> _DATA EXTRACT_
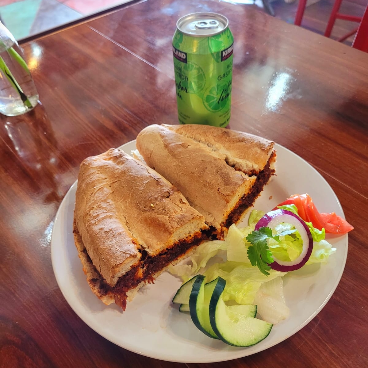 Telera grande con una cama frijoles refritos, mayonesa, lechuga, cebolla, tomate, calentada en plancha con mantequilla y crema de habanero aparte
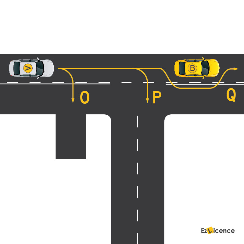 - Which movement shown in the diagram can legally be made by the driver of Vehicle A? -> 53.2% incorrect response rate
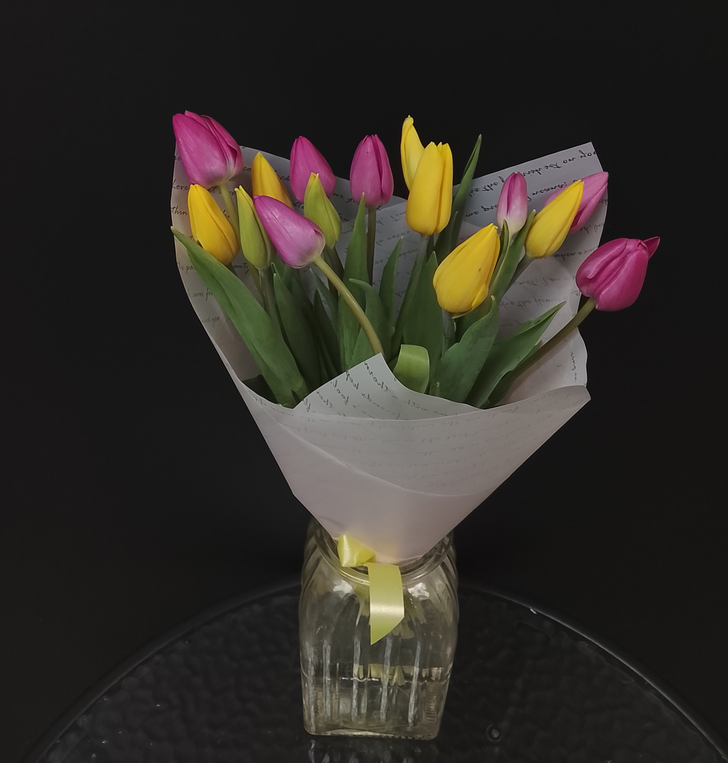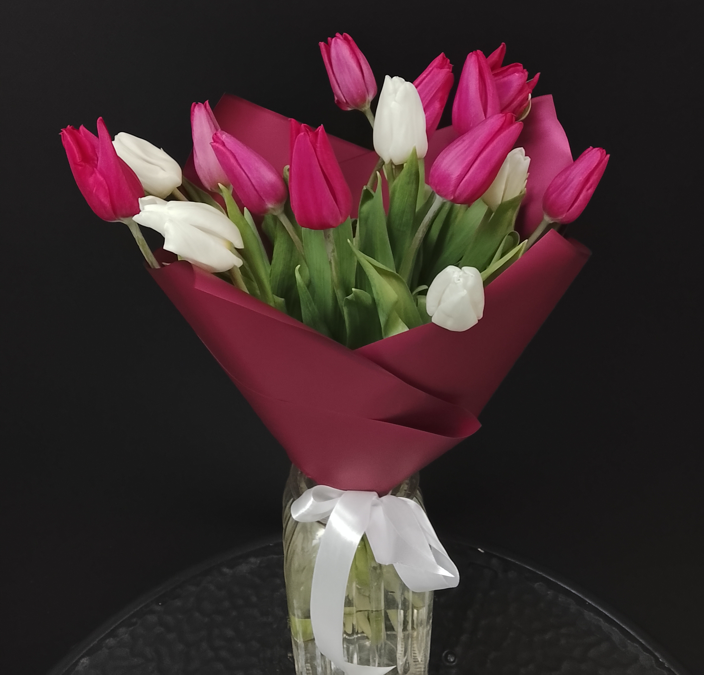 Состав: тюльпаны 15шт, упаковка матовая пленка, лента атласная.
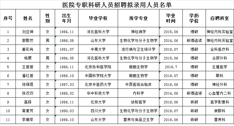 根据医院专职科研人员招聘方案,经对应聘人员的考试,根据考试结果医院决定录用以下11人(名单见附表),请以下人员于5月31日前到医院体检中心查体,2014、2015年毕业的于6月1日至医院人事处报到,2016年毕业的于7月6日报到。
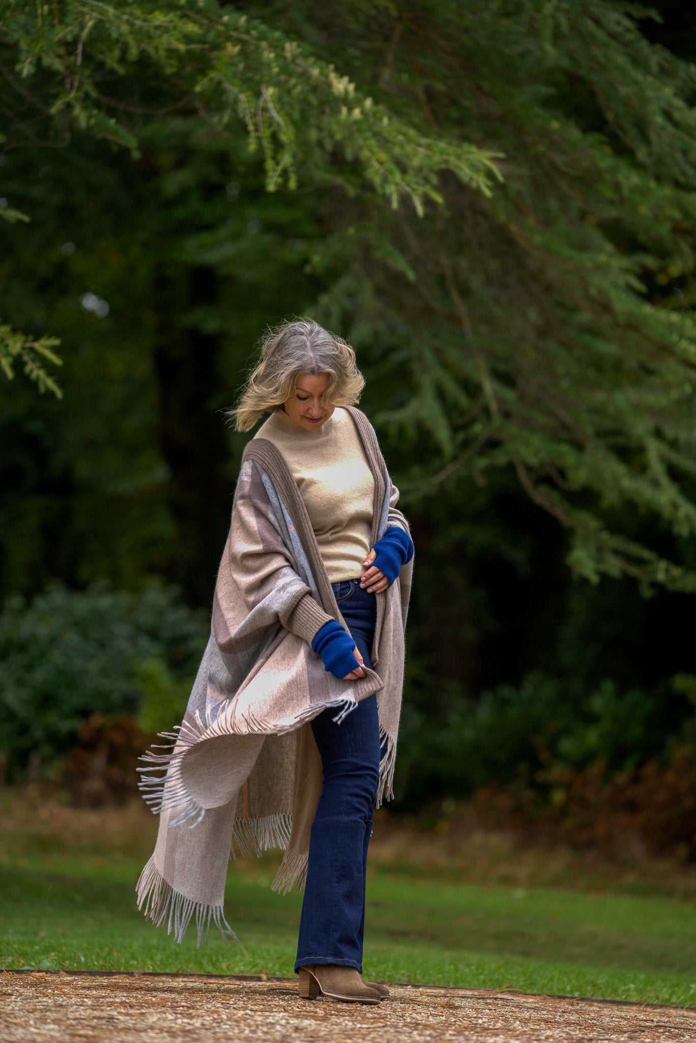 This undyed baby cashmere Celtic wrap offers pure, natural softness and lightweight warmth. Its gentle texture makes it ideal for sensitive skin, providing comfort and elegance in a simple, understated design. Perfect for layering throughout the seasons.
--
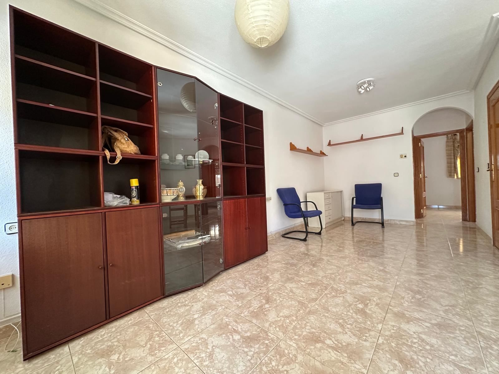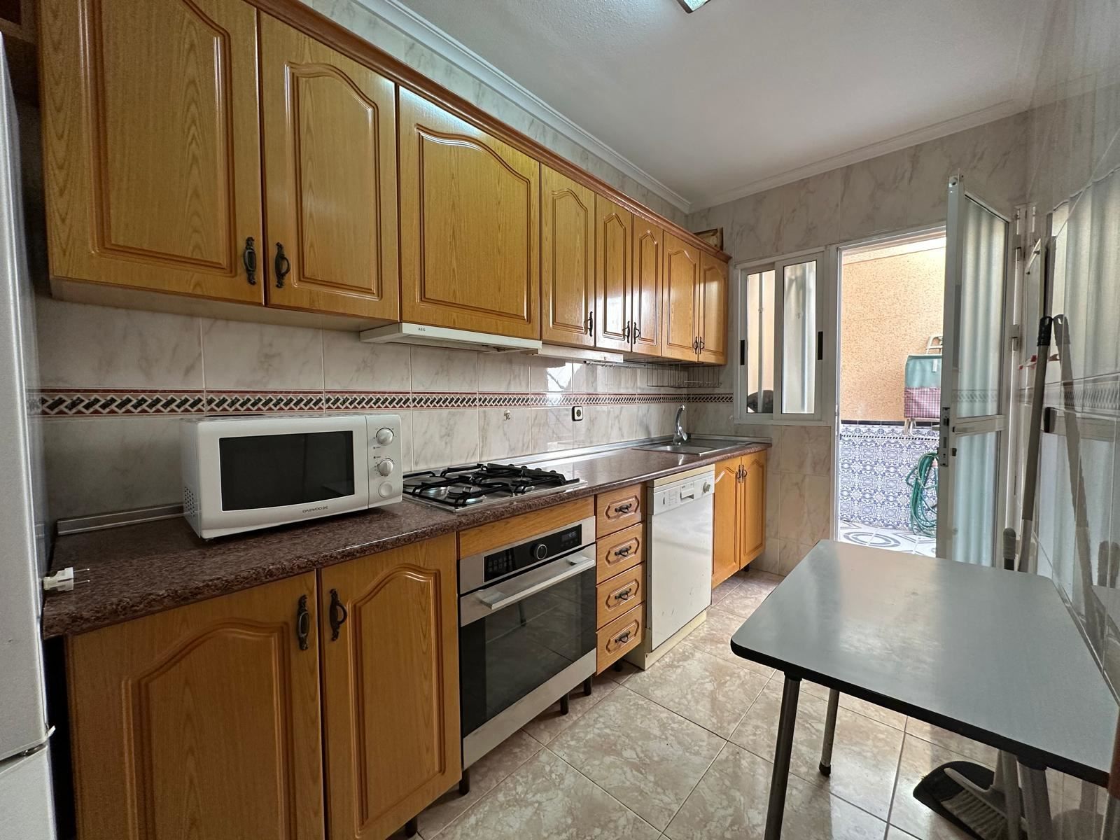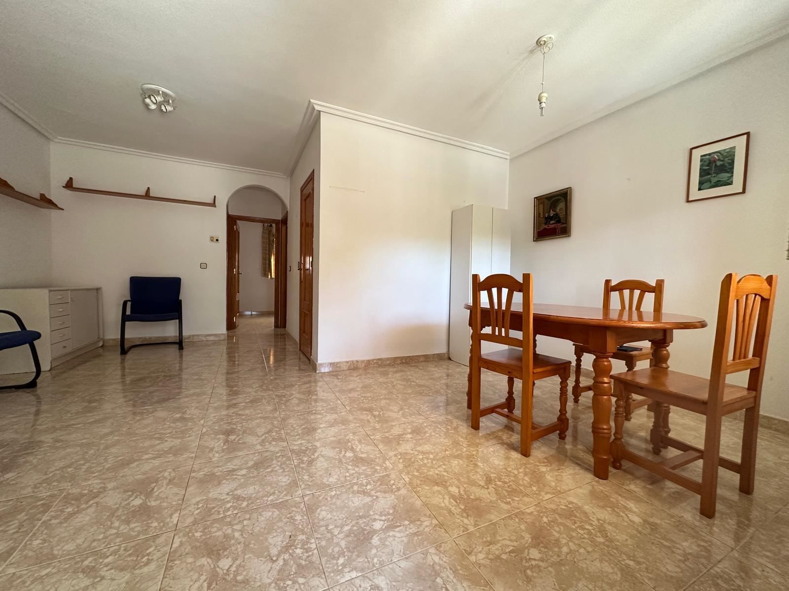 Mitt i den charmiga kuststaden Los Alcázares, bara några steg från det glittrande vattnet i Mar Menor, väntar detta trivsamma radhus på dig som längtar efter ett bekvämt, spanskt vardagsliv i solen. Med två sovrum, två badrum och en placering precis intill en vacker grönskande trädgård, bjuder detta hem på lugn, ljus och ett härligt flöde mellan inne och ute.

> _WORK INSTRUCTIONS_
Output exactly the stretch of the listing that begins at the line containing "- Which movement" and ends at the line containing "This undyed baby", both kept. Omit pictures and everything else.

> _TASK ANSWER_
 - Which movement shown in the diagram can legally be made by the driver of Vehicle A? -> 53.2% incorrect response rate
 Состав: тюльпаны 15шт, упаковка матовая пленка, лента атласная.
 根据医院专职科研人员招聘方案,经对应聘人员的考试,根据考试结果医院决定录用以下11人(名单见附表),请以下人员于5月31日前到医院体检中心查体,2014、2015年毕业的于6月1日至医院人事处报到,2016年毕业的于7月6日报到。
 This undyed baby cashmere Celtic wrap offers pure, natural softness and lightweight warmth. Its gentle texture makes it ideal for sensitive skin, providing comfort and elegance in a simple, understated design. Perfect for layering throughout the seasons.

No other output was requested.